All the cemeteries that have been located lie outside the settlements. In contrast, toward the end of the Indus civilization when civic standards were breaking down, burials of a very different nature were made in the heart of Mohenjo-daro. Corpses were disposed of higgledy-piggledy in abandoned streets or empty houses: These are Wheeler's famous "massacre" victims. However, the bones bear witness to violence only in two cases, and in both the injuries predated death by several months. The largest group comprises thirteen adults and a child, found in a house of the HR-B area. Their bodies were placed or thrown there separately at different times, and associated finds show that they were wearing small amounts of jewelry. Two other groups were found—one of six individuals in the VS area and one of nine in the DK-G area—and there was also a single body in a street in the HR-A area. An ivory comb and a pair of elephants' tusks were found with one group, showing that grave offerings were sometimes made. The absence of animal damage to the bones implies that the bodies were deliberately covered with earth. If, as is likely, they were victims of disease, they may have been placed in deserted areas because they posed a health or ritual risk. Rather different were two people from the final period of the city's occupation who apparently died as they attempted to crawl up a stair from a well in the DK-G area: perhaps victims of disease or starvation who died a lonely death unnoticed by others.

Much has been made of the absence of royal burials from the archaeological record of the Harappans.
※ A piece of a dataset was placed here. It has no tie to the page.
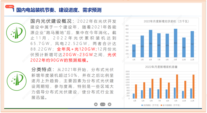 根据1-11月已并网的风光装机量,可以预计2022年的新增风电装机量在35GW以内,2022年新增光伏装机量在85GW以上;光伏产业链方面,降价周期需求旺盛已成共识,重点关注后续产业链利润再分配以及电池新技术进展,短期应重点关注降价节奏以及下游排产拐点。

While royal burials are among the best-known remains from a number of ancient societies, it is worth emphasizing how small a proportion of all the royal burials ever made have actually survived and been discovered. Many were robbed or looted in antiquity. The seclusion of the royal dead in a special place distant from settlements, a practice adopted by many societies, can be a major contributor to the failure to discover such graves. Nor need status necessarily be reflected in the elaboration of disposal, as is exemplified by the Saudi King Fa'ad's simple burial in an unmarked grave in 2005 (CE).